Even though months have passed since the experience, Michelle is still wary. “I’m hoping it’s come to an end. But I haven’t put my clothes back in the cupboard. So I’m not convinced, clearly. I’m a bit nervous about doing that, even though I know it looks like things are okay, and we’re not getting bitten. So we’re still living like that. It’s still kind of hovering. Just this week, I’ve had a few times when I’ve felt itchy. And I had forgotten how I was completely consumed by that.”

For those still consumed in the eradication effort, things are even worse.

As I’m cleaning out a downstairs closet with my mother, I see her suddenly jump up. She picks up something small and dark in her fingers, and asks me to look at it. It’s a pebble. She asks me whether I’m sure it’s not a bug. I’m positive, I say. Even so, she sprays down the spot with half a bottle of pesticide.

I’ve told my mother about my concern with all the pesticide she’s been pumping out all over the house. I’m pretty sure this stuff is more dangerous than the bugs themselves. All she does is answer dryly, “I’d rather die of pesticide than have bedbugs in my house.”

Unsurprisingly, one of my greatest fears over the past weeks has been whether I too will get bedbugs. When a friend of mine called to tell me she’d found a relatively widespread infestation at her house, I spent the rest of the day inspecting my apartment for any signs of bedbugs. Every spot of lint I found put me in states of panic which, in retrospect, I find laughable. But even now I still avoid putting my belongings on the floor. I never leave clothes on the bed and can’t help holding a particular aversion to fabric seating.

It’s difficult to say when things will finally be over, when things will return to normal. After an infestation, when does your house start feeling like home again? Can you ever get that feeling back?

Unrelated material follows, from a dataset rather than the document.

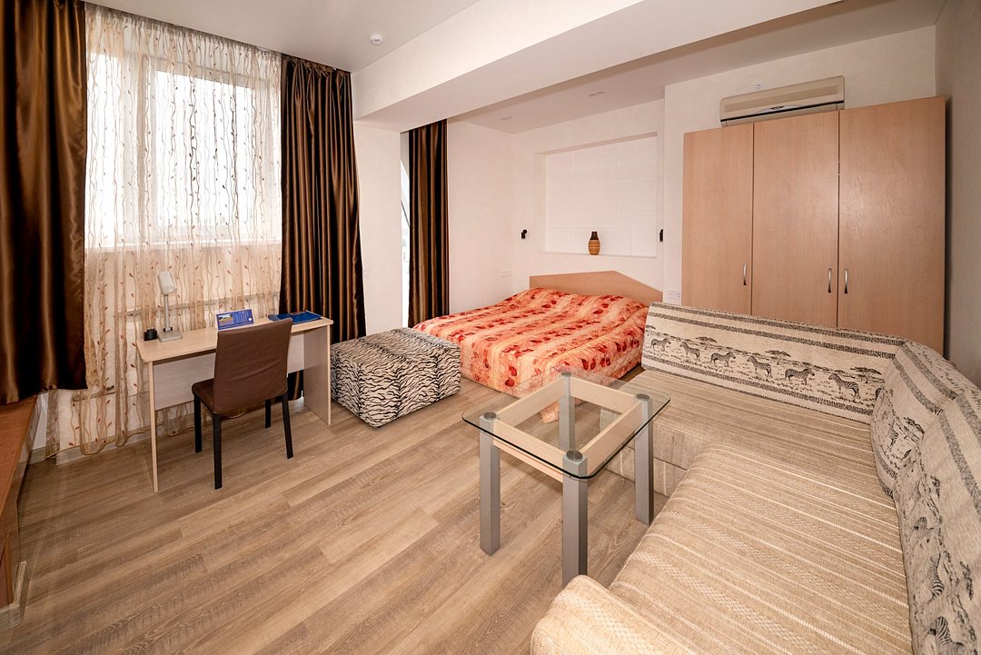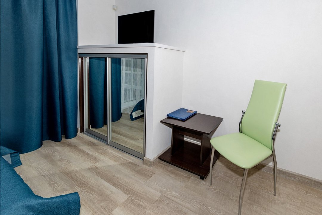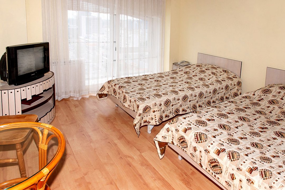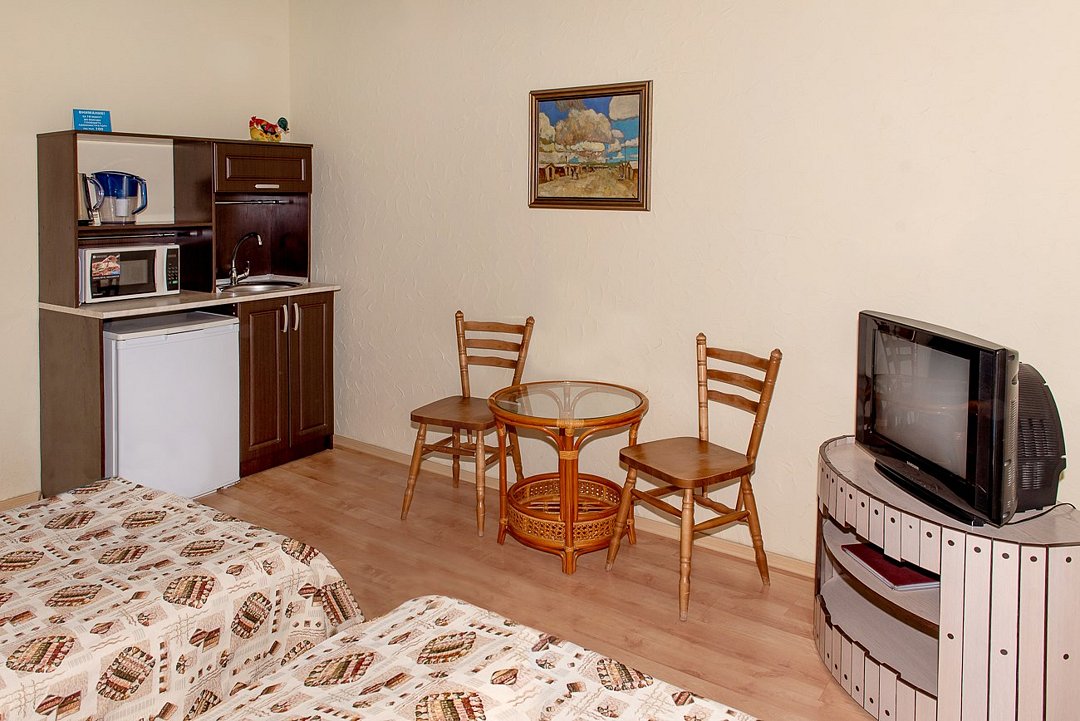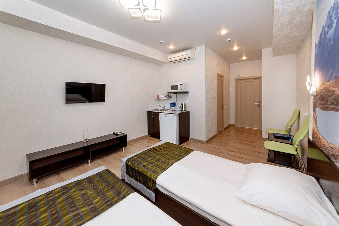 Одна комната (23 м.кв): две кровати (90х200 см), кондиционер, телевизор (d 54 см), кабельное телевидение, интернет (Wi-Fi), телефон, журнальный столик, стулья. Щетка для обуви, щетка для одежды. Мини-кухня: посуда, холодильник, СВЧ-печь электрочайник, фильтр для воды. Ванная комната: душевая кабина, биде, парфюмерно-косметические изделия.Услуги и удобства

“Oh no, it doesn’t feel the same,” says Frank. “I think I’ll be able to get back to it, but I think it’ll take several weeks. It is like a traumatic event, where you have reminders of it. No, I think it takes a while to recover.”

Frank grins as he muses over the seemingly irrational stress that threw his life into chaos not long ago. “I’m laughing about it now, but boy, when it hits you, you feel kind of homeless.”